Diaulus | Teen Ink

Diaulus

September 3, 2010
By Megan P BRONZE, New Town, North Dakota
Megan P BRONZE, New Town, North Dakota
2 articles 0 photos 0 comments

Dinosaurs had big teeth. They had claws. Their skin was rough, like a snake. Some of them walked on two legs, or four legs, or even flew. Some of them ate only plants. Some of them ate other dinosaurs. Real dinosaurs weren’t made of plastic.
Dinosaurs had strange names: Tyrannosaurus Rex, Velociraptor, Brachiosaurus, Triceratops, Megalosaurus, Pteranodon. His dinosaurs were plastic. Real dinosaurs were much bigger. He would make them fight each other. Or make the big ones eat the little ones. Some of them were so big that the other dinosaurs couldn’t eat them. His favorite was the Stegosaurus, and so that dinosaur never got eaten, even by the bigger dinosaurs. But it was pretend. Real dinosaurs were bones in museums. All the dinosaurs died.
Then after the dinosaurs died, they lost their skin and their eyes and their brains and their insides and turned to only bones. Bones deep inside the ground. If you found a dinosaur, you could dig it up and all its bones would be in the right places, still in the shape of the dinosaur.
At school, the teacher asked what you wanted to be when you grew up. Paleontologist. That word felt good. It was a big word, but it wasn’t hard to say, if you said it slowly. Paleontologists dug up dinosaurs. Just from looking at the bones they knew what kind of food the dinosaur ate. They knew how old it was and how long it had been in the ground. Then they put the bones in museums so that people could see them.
Except nobody else knew how to say Paleontologist.

When he entered the room, he was confronted with the distinct stench of formaldehyde. It was a sweet, sickening smell that made him feel as though it was embalming him just by inhaling it. He took the tray, the scalpels, the labelless diagram, the frog. He placed the specimen on the tray, belly-up, eagle-spread, its arms and legs splayed, and ran pins through each of its feet to hold it in place. Not that it was going anywhere. The thumbs of the frog’s front feet were long and thin; it was a female.
He slid his scalpel into the frog, near the head and coaxed a slit down its belly. Then he made parallel cuts perpendicular to the first, and carefully opened the chest cavity of the frog.
Slowly, he began identifying the internal organs: the heart, the lungs, the intestines, the kidneys, the little slivers of brain running along the insides of the frog’s eye sockets.
With careful, precise movements, he began peeling back more skin, removing organs, cutting tendons, slowly stripping everything away to reveal a clean, cream-colored skeleton. He began labeling the parts on the drawing he had been given. Scapula, Vertebrae, Humerus, Sacrum, Femur, Astragalus.
When he had filled in all of the blanks, he became aware of a strange sense of surprise. He had somehow felt as though something should have been missing, as though his skeleton shouldn’t have matched up with the picture.
But it was perfect. Everything was perfect.
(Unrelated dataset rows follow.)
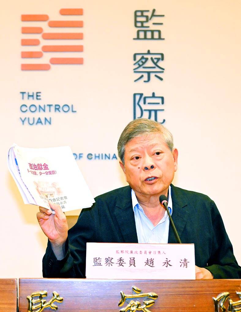 The Control Yuan has no specific recommendation for legal changes on political subsidies at the present time, but urges regulators to create better tools for monitoring politician’s use of such subsidies, Jao said.
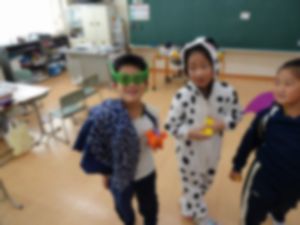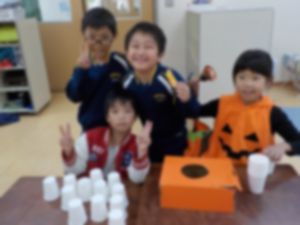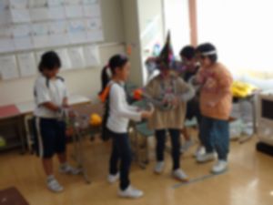 10月31日(木)にハロウィンパーティーをしました。仮装をして、グループごとに作ったおもちゃで遊びました。
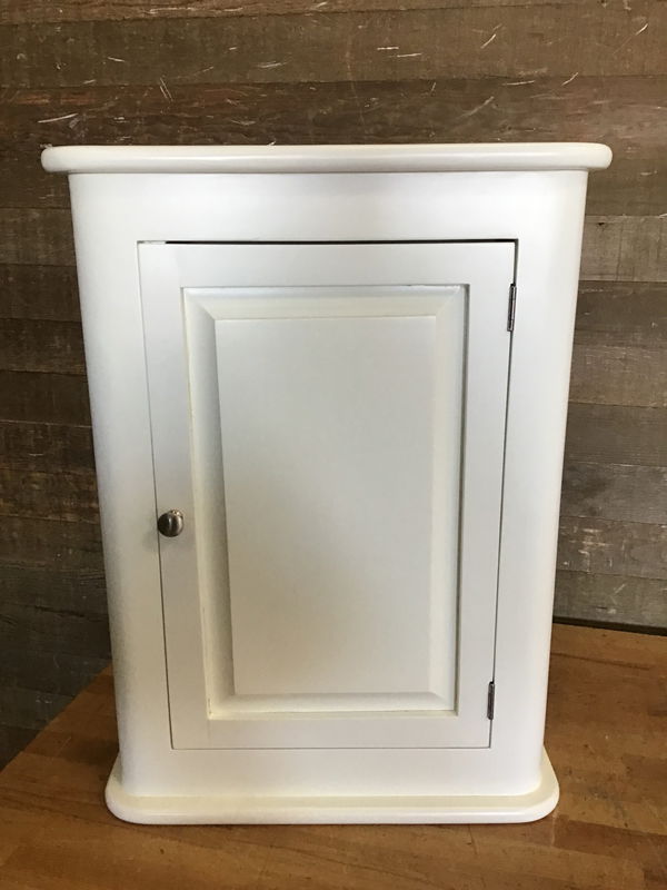 Wall mounted bathroom storage cabinet. Made of wood and in solid used shape. Does not come with adjustable shelves even though it has the holes for it. Could use a repainting.
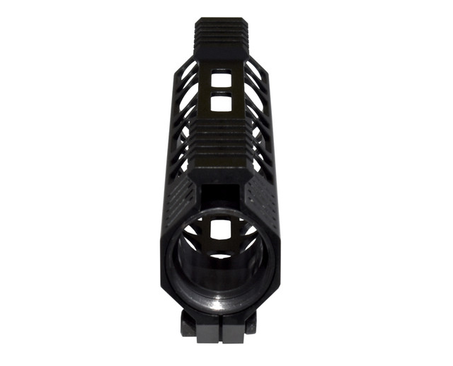 A true free float rail, which connects only at the barrel nut. Since the rail doesn’t touch the barrel, shooting accuracy is improved in comparison with two piece rails, when used with grips / bipods that can flex the Steel barrel.
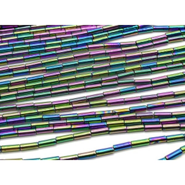 Бусины из гематита цилиндр 3*9мм цвет хамелеон, 40см, 43 бусины
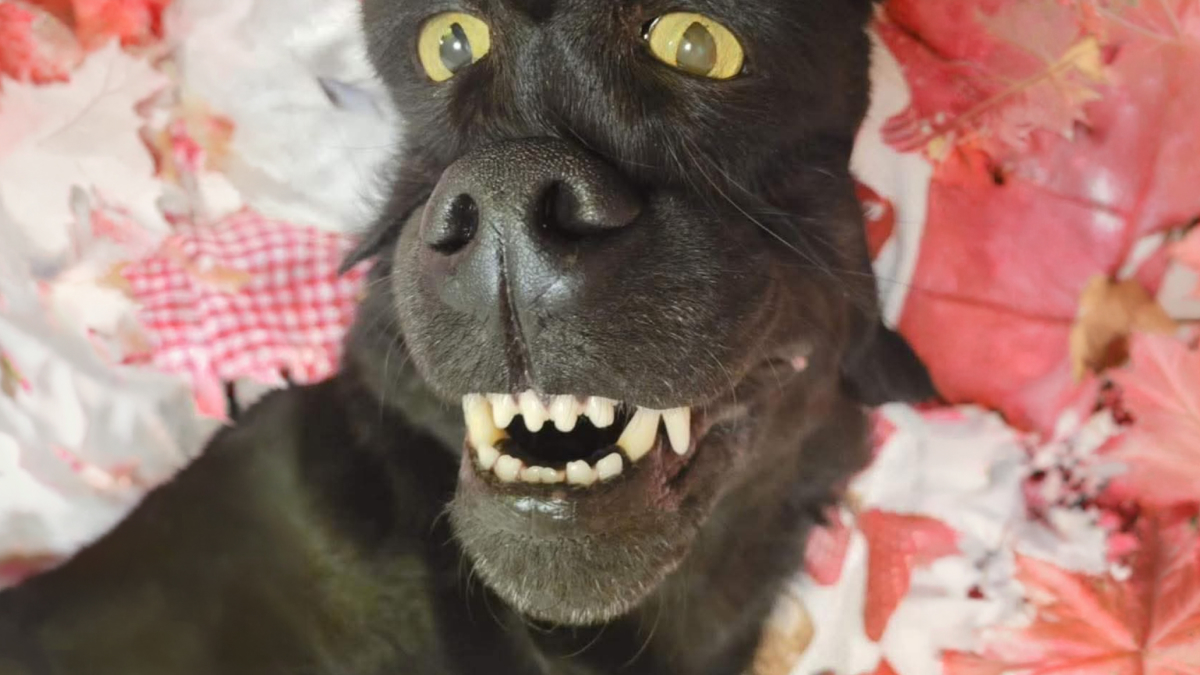 Close-up of a black dog’s face with bright yellow eyes and an unusual toothy expression that makes you look twice.
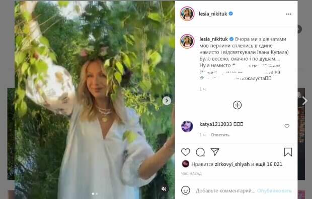 Телеведущая Леся Никитюк похвасталась образом в честь праздника Ивана Купала Ведущая пользуется большой популярностью в Украине, передает Politeka.net. В своем Инстаграм Никитюк часто предстает в интересных образах. В этот раз блондинка примерила длинную сорочку и венок в честь праздника Ивана Купала, который праздновался с 6 на 7 июля.
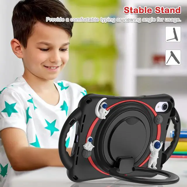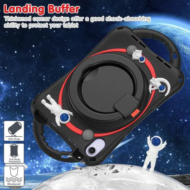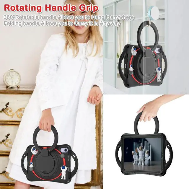 Introducing our iPad Mini 6 Case, expertly designed to provide ultimate protection and convenience while showcasing a unique Space Astronaut Theme. This premium case combines style, functionality, and durability, ensuring your iPad Mini 6 remains safe and secure throughout daily use. Experience comfort and security with the 360 Rotating Handle Grip. The adjustable grip guarantees a snug fit, making browsing, reading, or gaming a breeze. The Folding Handle offers easy storage and portability for users of all ages. Enhance your user experience with our iPad Mini 6 Case's built-in Kickstand, offering versatile viewing angles in both portrait and landscape orientations.
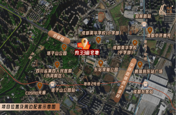 我们来看这块地,北侧临迎晖路,向南直面约410亩的塔子山公园。而塔子山公园不仅面积大,提供了丰富的景观资源,更为关键的是拥有深厚的历史底蕴,其标志性建筑九天楼,始建于隋末,被称为“锦绣天府第一楼”,是成都极具昭示性的地标建筑,给项目加大分了。
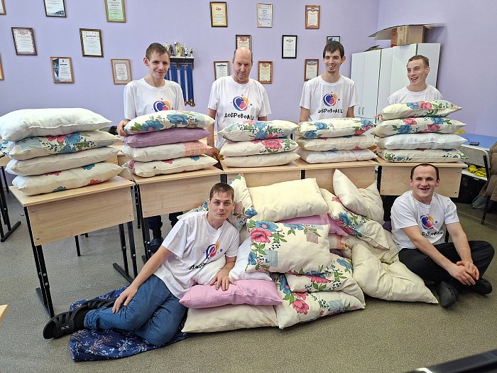Наши умелые мастера изготовили подушки с любовью и заботой. ️ Особая благодарность Совету ветеранов города Шиханы за поддержку!
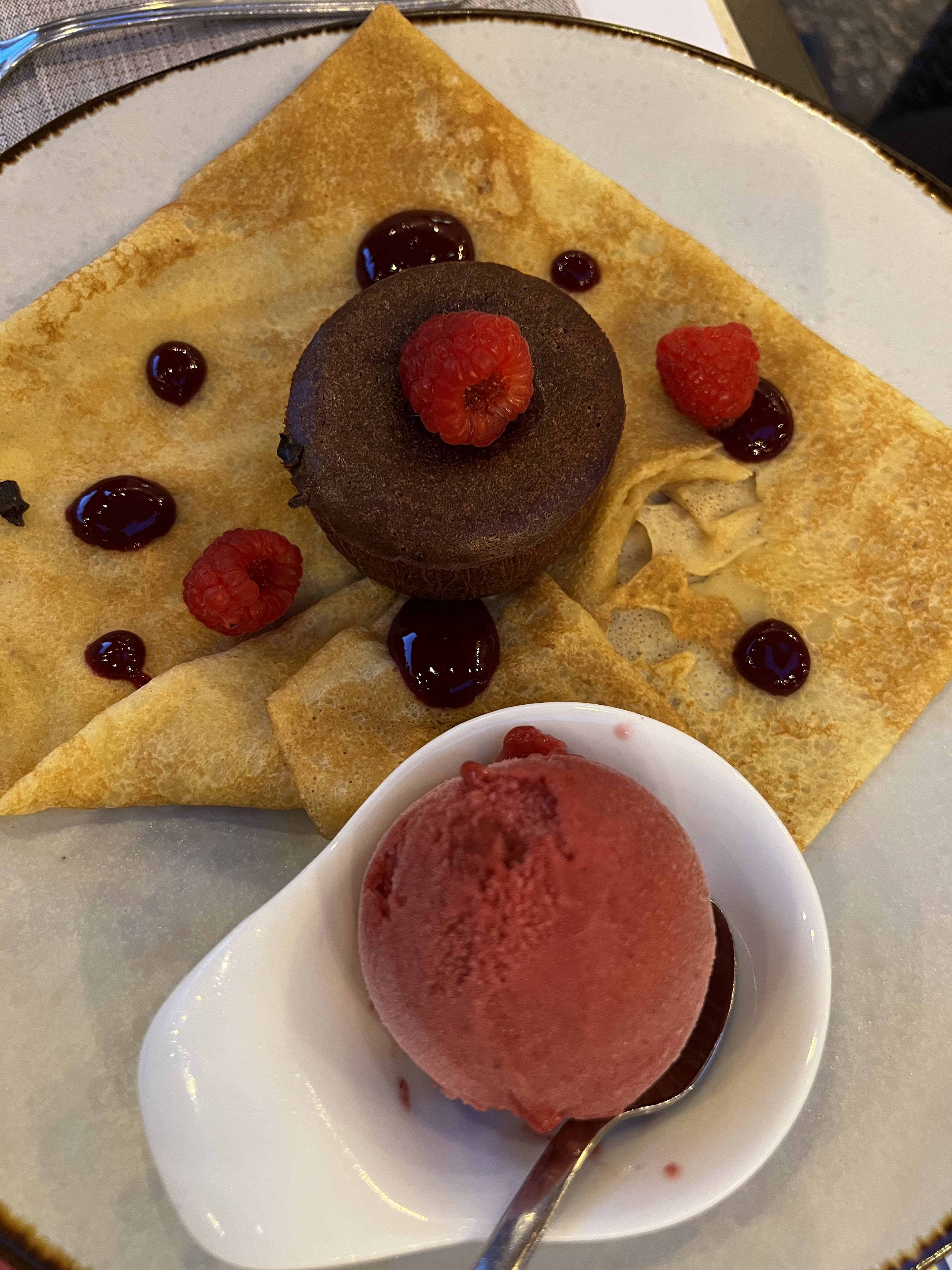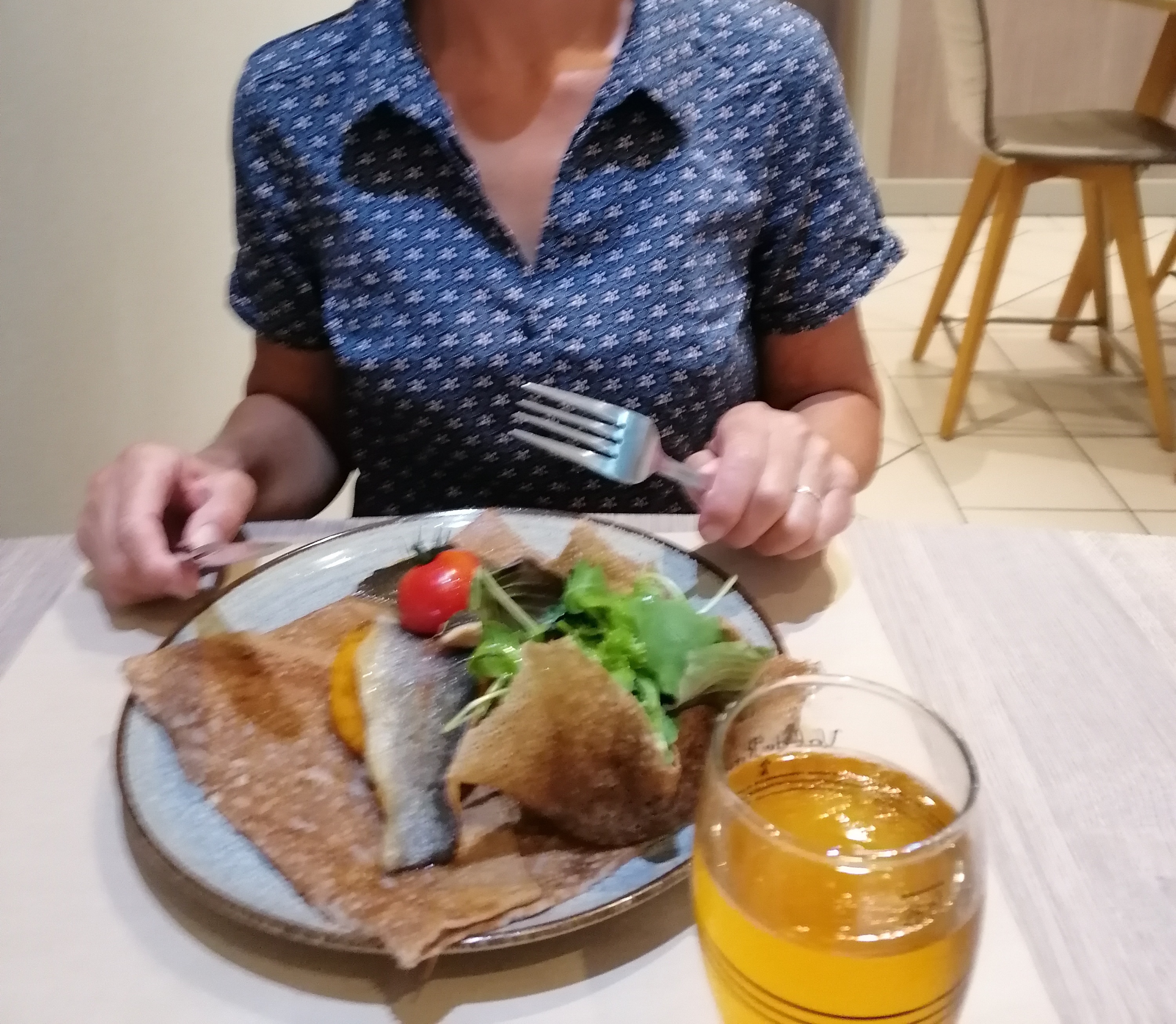 Déjeuner ce dimanche, accueil agréable et attentionné du personnel et propriétaire. Salle lumineuse et tables espacées. Assiette du turbo sauce vanille gustative. Salade de gésiers œuf poché etc... un peu trop de salade et plus de garniture. Pavé de boeuf cuit à ma convenance, quelque peu déçu des frites maison absentes et remplacées. La propriétaire nous a expliqué le pourquoi. Desserts de crêpes excellents. La prochaine fois nous goûterons les galettes. Au plaisir.
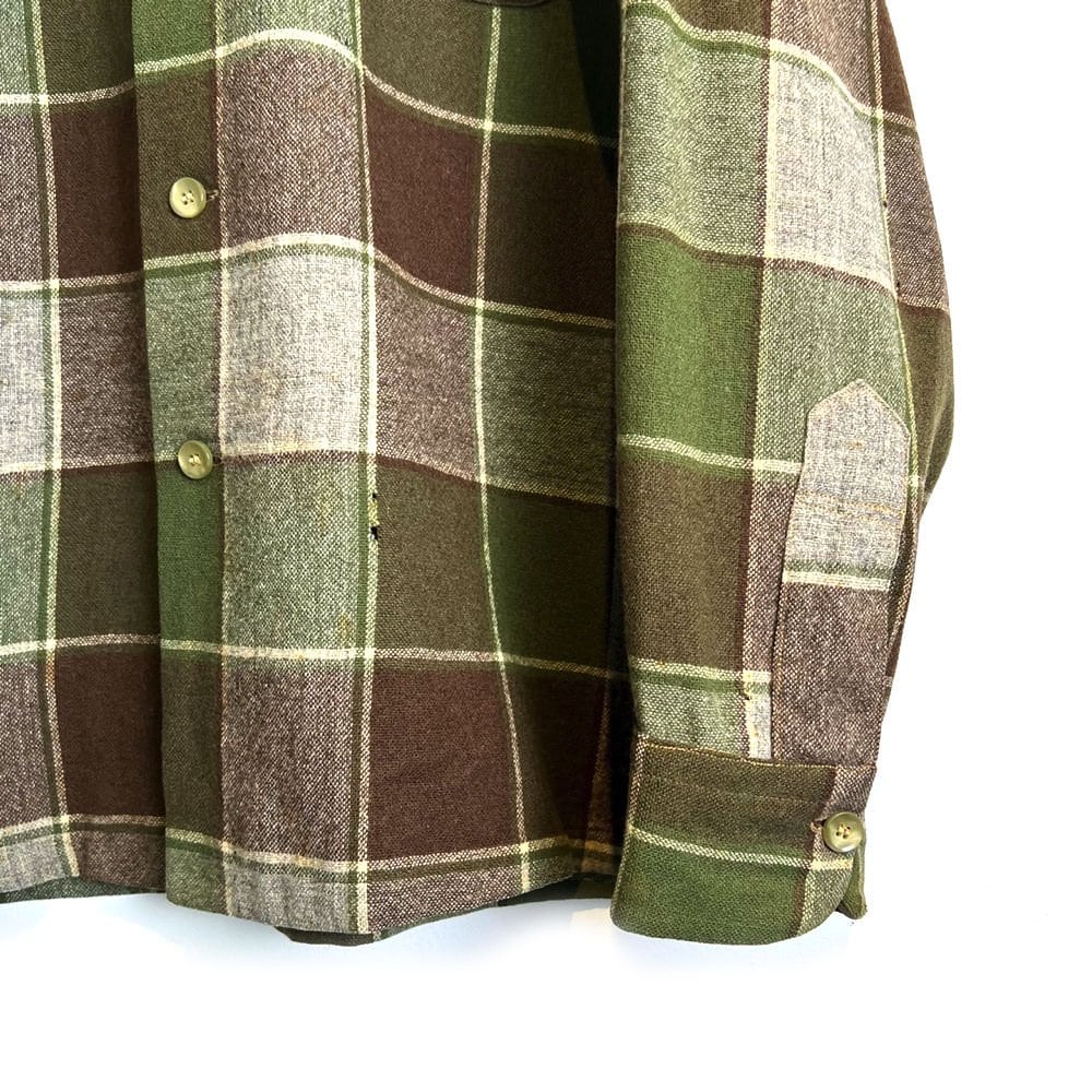1950s Pendleton wool shirt Olive, brown, gray plaid pattern with astringent taste and masculinity. There are a few small hole damages, but there is no problem with wearing. good pendleton vintage shirts
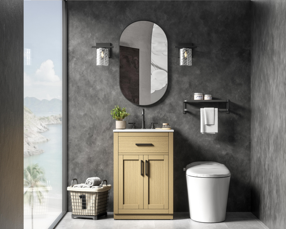 Perfectly suited for transitional and contemporary bathroom designs, this vanity seamlessly blends rustic and modern elements while being crafted from solid wood and MDF for exceptional durability and strength.
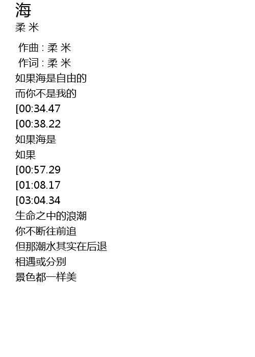 | [00:21.58] | rú guǒ hǎi shì zì yóu de |
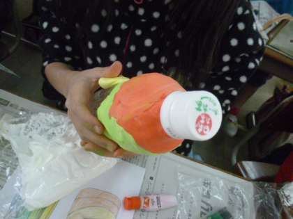 粘土のつけ方,粘土の色の組み合わせ方を考えて,生活の中で使うものを作りました。
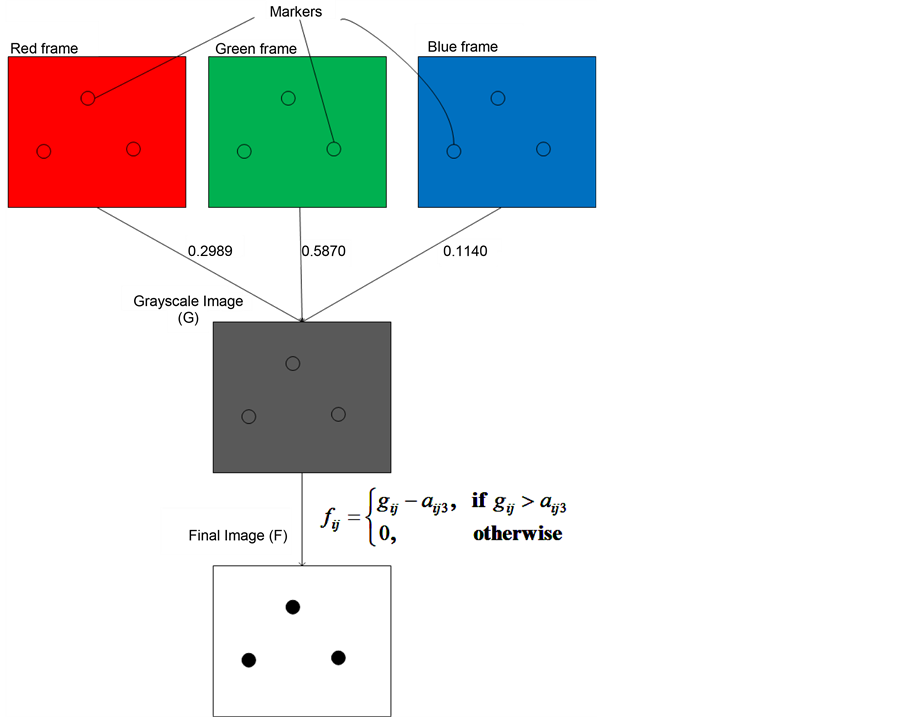 , contain the pixel values (intensity) of the whole image including the markers. The markers are assumed to be uniformly colored objects. Since the human body lacks uniform coloring, small uniformly colored stickers are assumed to be present on the relevant body part. This is considered as a tracking feature. This aids in segmenting an image more efficiently, reducing noise in the images. Considering blue stickers as markers, the blue frame would have higher numerical pixel values for the marker locations than red or green frames (

He almost dozed off in the elevator. The steady upward movement and the even click of the elevator as it went from floor to floor made it almost impossible not to succumb to the total exhaustion that filled him. He had been awake for over twenty-four hours. He didn’t know how many times he’d cursed himself for wanting to be a doctor: med school had all but buried him in debt, and now he felt as though his body wasn't going last the night, much less the residency.
He realized as the doors slid shut behind him that he had stumbled out of the elevator onto the floor one below his own. His clouded mind ordered his feet up a flight of stairs.
He didn’t sleep in his bed anymore; he only ever made it as far as the couch.
He felt his body hit the cushions, the springs that were fighting to break through the thinning, coral-colored upholstery digging into his body.
He always dreamt after a shift. He had never grown used to these dreams—they managed to terrify him every time. He had come to expect them, but his heart was pounding every time he woke up from one.
He always felt like he was falling through pink clouds that smelled like hospital soap. He was falling and trying to perform a surgery. There was a tumor in his chest and he had to remove it himself. He never felt the pain, and he wasn’t frightened of cutting himself open. But once he had his torso folded open like a book, something was always wrong. His intestines were tangled. His liver was missing. His lungs were upside down. And regardless of everything else, he could never find the tumor. And he would know that it was hopeless, that there was nothing he could do. So he would ponder and stare at his gleaming ribs, futilely protecting his faulty organs and the evasive, malignant tumor.
Usually in falling dreams, you hit the ground and wake up. But his dream usually just faded away, without an ending, still falling.


The author's comments:
wrote this as an assignment for my English class last year, after reading of "A Portrait of the Artist as a Young Man by James Joyce." We traced throughout the book all the ways that the main character's actions indicated the mind of an artist. This is what I came up with.